# Tanzania Was East Africa's Strongest Democracy. Then Came "The Bulldozer."



## basquebromance (May 15, 2019)

On November 6, 2015, the newly elected president walked unannounced into Tanzania’s Ministry of Finance, peering into empty offices and interrogating frightened staff—letting it be known that a government long characterized by laxity was in for a major change. He later canceled independence day celebrations and redirected the funding to fight cholera, purged more than 10,000 so-called ghost workers from the public-sector payroll, and initiated a crackdown on corruption and underperformance that saw numerous senior officials sacked, some following scoldings on live television.


----------



## 52ndStreet (May 20, 2019)

Tanzania reminds me of Jamaica. Many different races and tribes living in peace with each other.


----------



## Meathead (May 20, 2019)

basquebromance said:


> On November 6, 2015, the newly elected president walked unannounced into Tanzania’s Ministry of Finance, peering into empty offices and interrogating frightened staff—letting it be known that a government long characterized by laxity was in for a major change.

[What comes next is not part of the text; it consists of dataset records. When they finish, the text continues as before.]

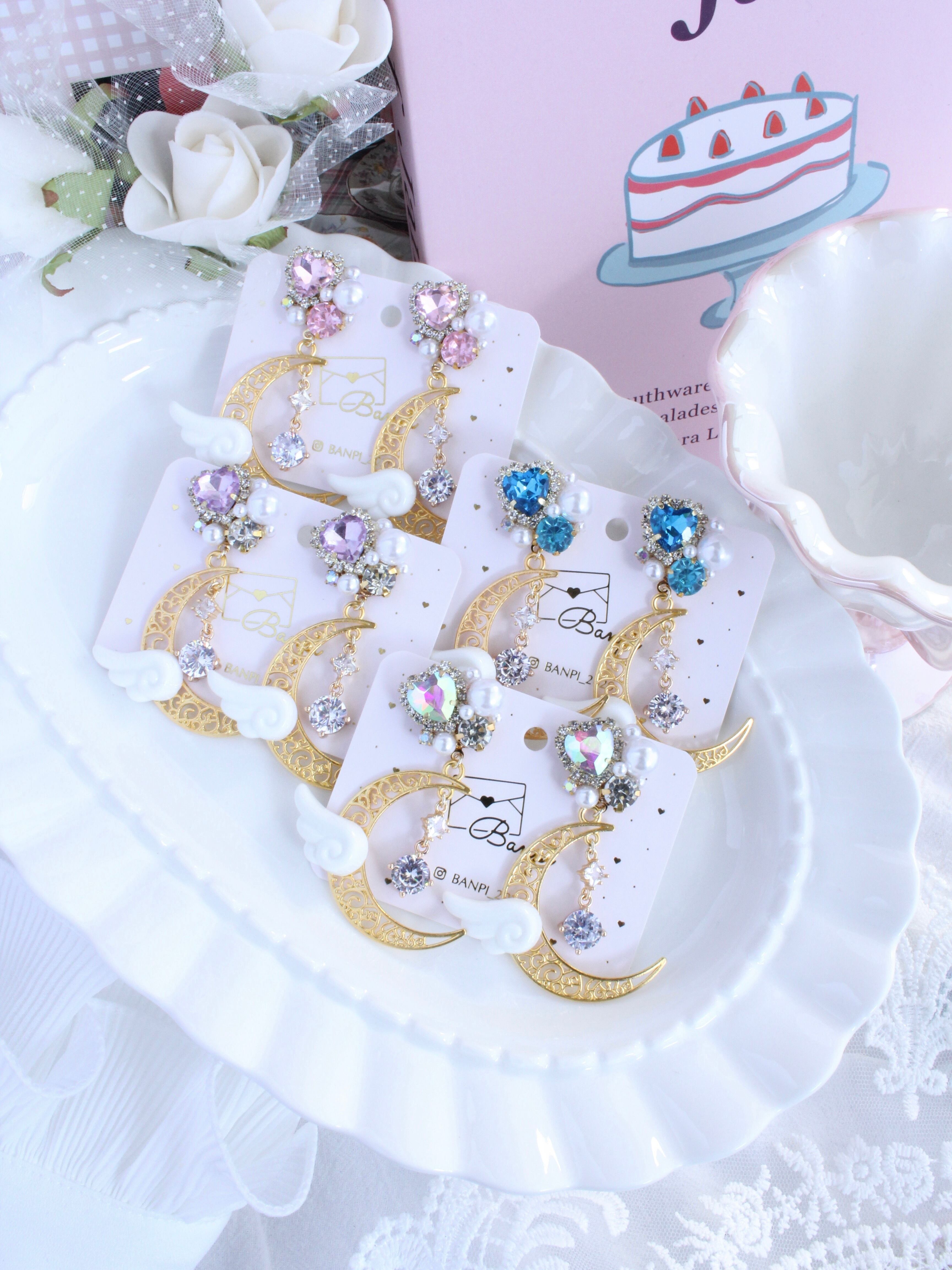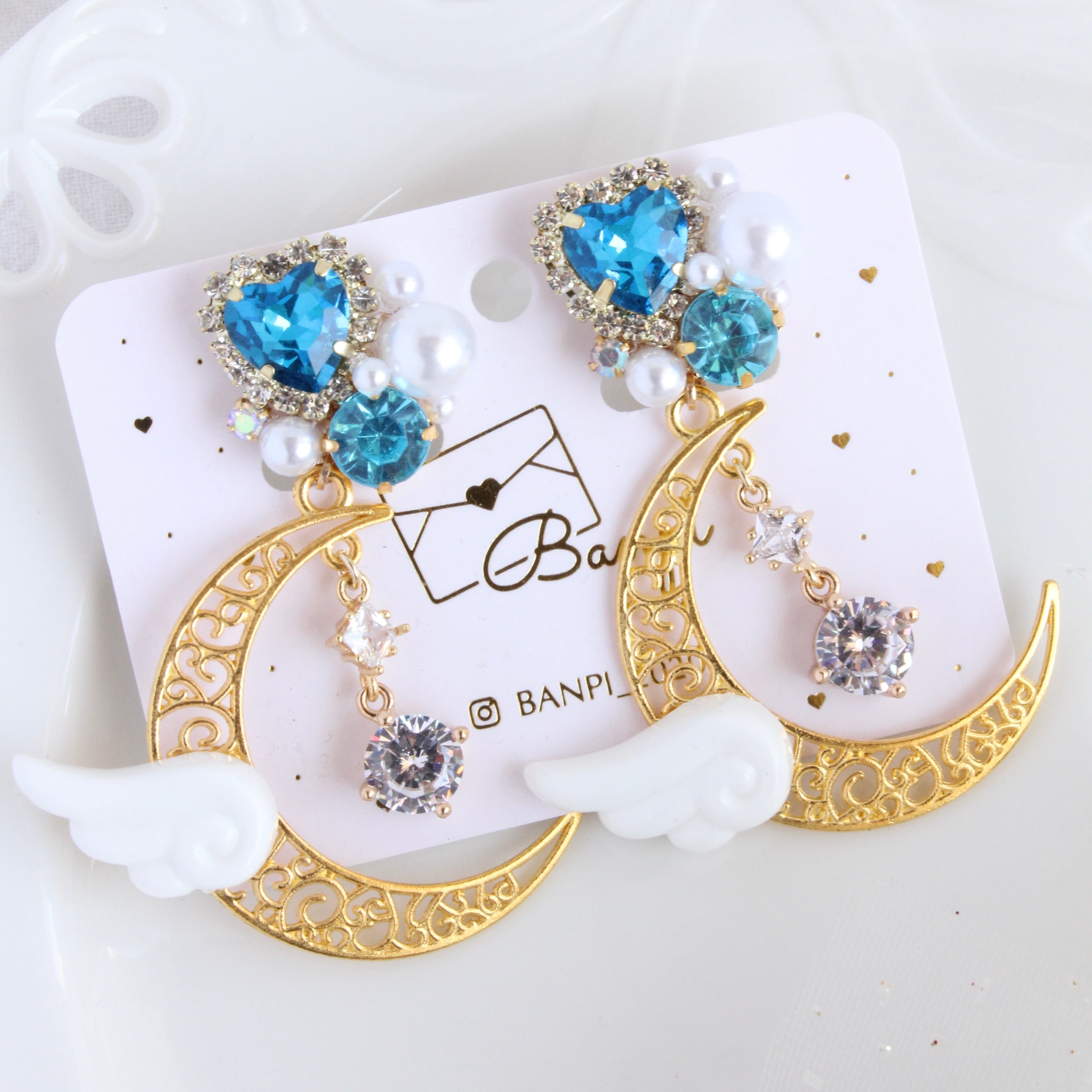 月と天使の羽イヤリング・ブルー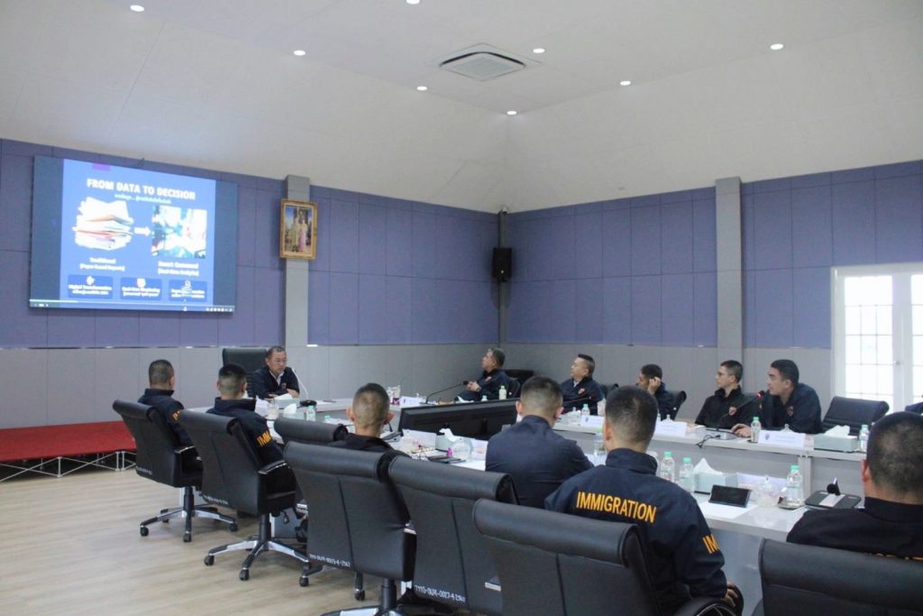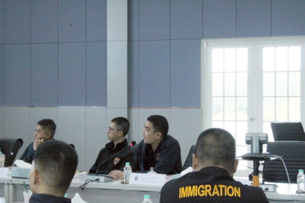 กับ พล.ต.ต.ชูธเรศ ยิ่งยงดำรงสกุล ผบก.ตม.6, พ.ต.อ.ภาณุภาคยณ์ จิตต์ประยูรตี รอง ผบก.ตม.6, พ.ต.อ.ณัฐวุฒิ แสงเดือน รอง ผบก.ตม.6 พร้อมด้วยหัวหน้าหน่วย ตม.จว./ด่าน ตม. ในสังกัด และเจ้าหน้าที่ที่เกี่ยวข้อง เข้าร่วมประชุม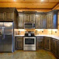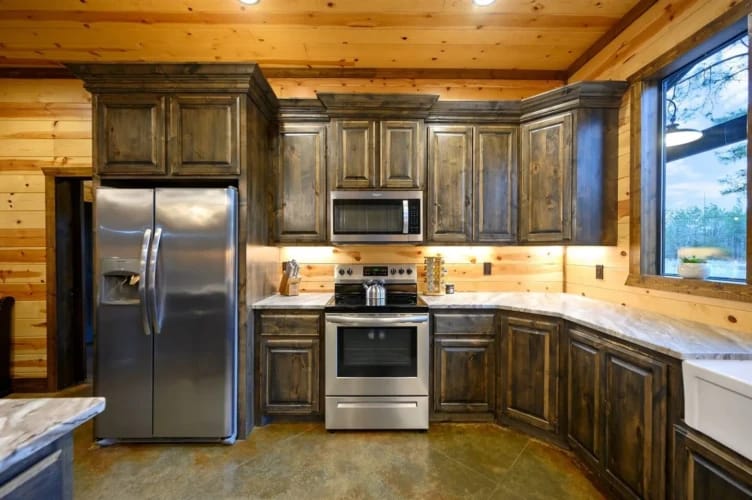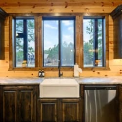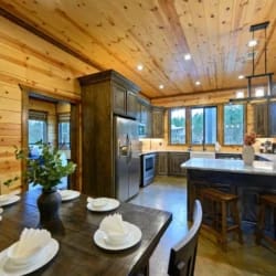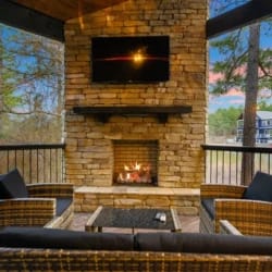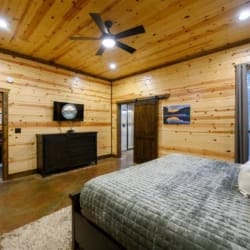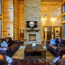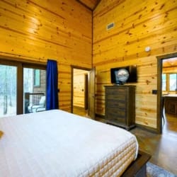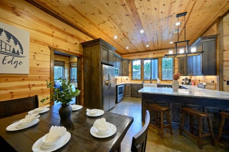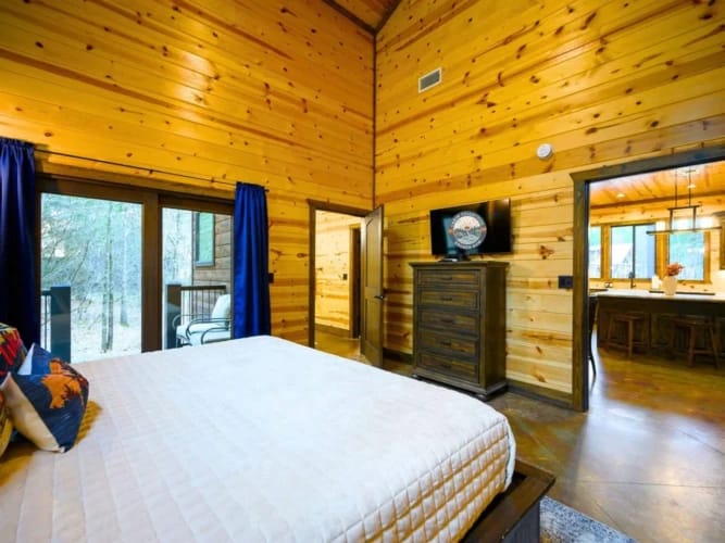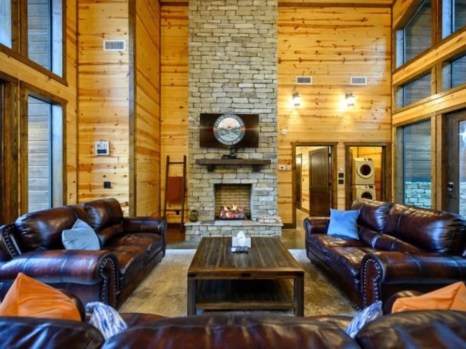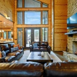From the moment you arrive at The Retreat at Water’s Edge, you’ll feel an immediate sense of calm. The sound of the water, the scent of pine, and the cabin’s warmth create a cozy, welcoming atmosphere. Step inside to find a beautifully appointed living space with 20-foot vaulted ceilings, a stone fireplace, and floor-to-ceiling windows that capture sunrise and sunset views. Whether you’re curling up by the fire with a good book or streaming your favorite show on the SMART TV with DirecTV cable, this living area provides the perfect balance of comfort and style.

He later canceled independence day celebrations and redirected the funding to fight cholera, purged more than 10,000 so-called ghost workers from the public-sector payroll, and initiated a crackdown on corruption and underperformance that saw numerous senior officials sacked, some following scoldings on live television.


Being Africa's "strongest democracy" is something like being the world's tallest midget.


----------